The current study shows that KP metabolite changes are associated with biomarker evidence of neurodegeneration. Additionally, the association between KP metabolites and plasma Aβ seems to be NAL status dependent. Finally, the current study suggests that an association between neurodegeneration and neuroinflammation manifests in the periphery, suggesting that preventing cytoskeleton cytotoxicity by KP metabolites may have therapeutic potential.

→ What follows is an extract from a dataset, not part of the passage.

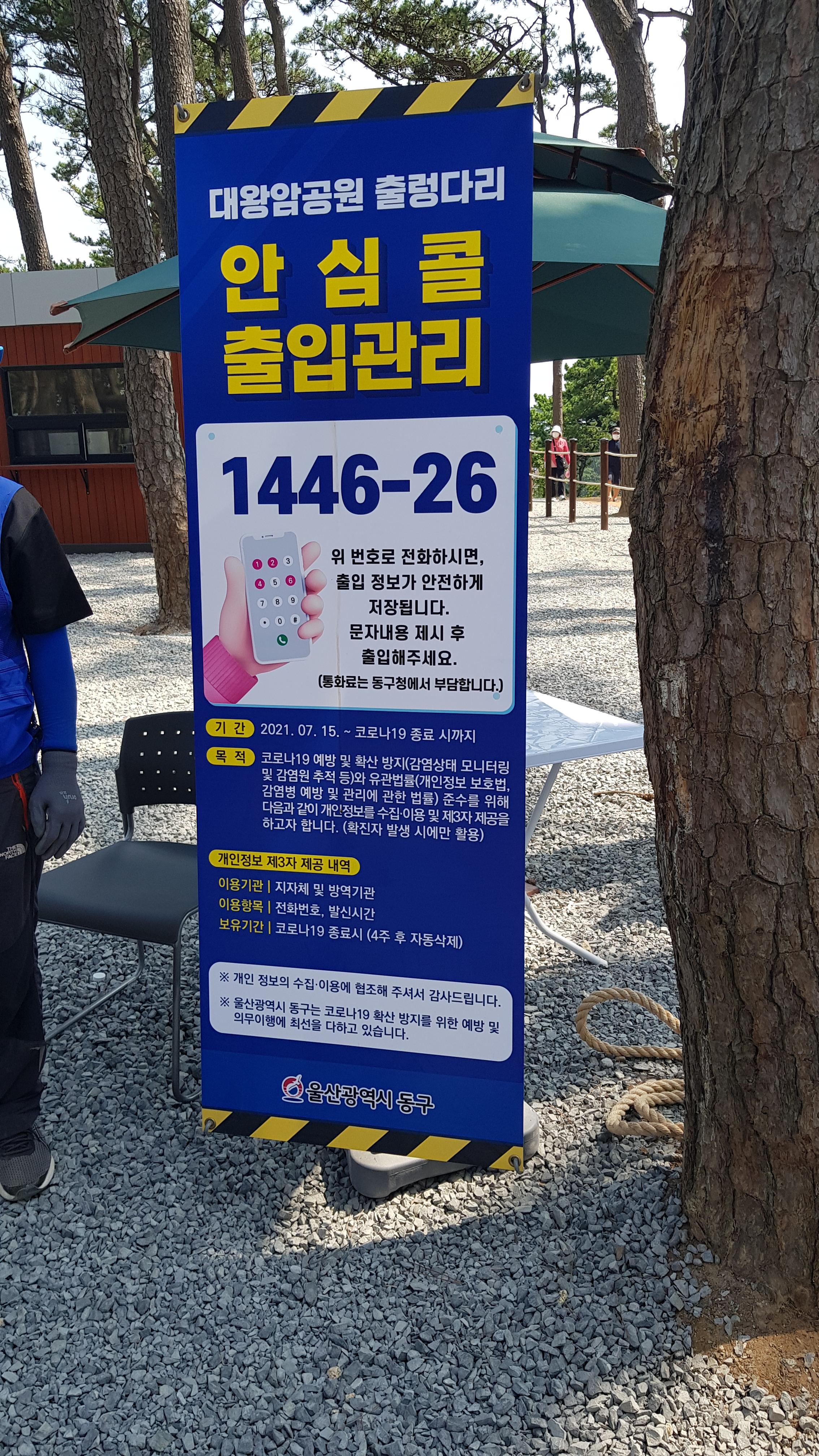 출렁다리 입장전에 안심콜로 전화하면 출입명부작성없이 입장할 수 있다.

神经退行性疾病中已分别研究了指示神经退行性变的血液标志物(神经丝轻链;NFL)、阿尔茨海默病淀粉样蛋白病理学(β-淀粉样蛋白;Aβ)和神经炎症(犬尿氨酸途径;KP 代谢物)。然而,以前尚未研究这些神经退行性变和 AD 病理学的标志物与神经炎症之间的关联。因此,目前的研究检查了 NFL 和 Aβ是否与老年人的 KP 代谢物相关,以了解血液神经退行性变和神经炎症标志物之间的关联。
使用液相色谱和气相色谱与质谱联用技术测量 KP 代谢物,使用单分子阵列(Simoa)测定法测量老年人的血浆 NFL 和 Aβ 浓度,年龄在 65-90 岁之间,认知功能正常(Mini-Mental State Examination 评分≥26)来自 Kerr 英国圣公会退休村倡议在健康队列中。
观察到 NFL 与反映吲哚胺 2,3-双加氧酶活性的犬尿氨酸与色氨酸比值(K/T)之间存在正相关(r=0.451,p<0.0001)。还观察到 NFL 与犬尿氨酸(r=0.364,p<0.0005)、犬尿喹啉酸(r=0.384,p<0.0001)、3-羟基犬尿氨酸(r=0.246,p=0.014)、邻氨基苯甲酸(r=0.311,p=0.002)和喹啉酸(r=0.296,p=0.003)之间存在正相关。此外,还观察到血浆 Aβ40 与 K/T(r=0.375,p<0.0005)、犬尿氨酸(r=0.374,p<0.0005)、犬尿喹啉酸(r=0.352,p<0.0005)、邻氨基苯甲酸(r=0.381,p<0.0005)和喹啉酸(r=0.352,p<0.0005)之间存在显著关联。还观察到血浆 Aβ42 与 K/T 比值(r=0.215,p=0.034)、犬尿喹啉酸(r=0.214,p=0.035)、邻氨基苯甲酸(r=0.278,p=0.006)和喹啉酸(r=0.224,p=0.027)之间存在显著关联。在根据皮质内 Aβ 负荷(NAL)状态对参与者进行分层后,NFL 与 KP 代谢物相关,无论 NAL 状态如何;然而,只有在 NAL 较高的个体中,血浆 Aβ 与 KP 代谢物之间才存在显著关联,而在 NAL 较低的个体中,关联几乎不存在。
本研究表明 KP 代谢物的变化与神经退行性变的生物标志物证据有关。此外,KP 代谢物与血浆 Aβ 之间的关联似乎依赖于 NAL 状态。最后,本研究表明,神经退行性变和神经炎症之间的关联表现在外周,这表明通过 KP 代谢物预防细胞骨架细胞毒性可能具有治疗潜力。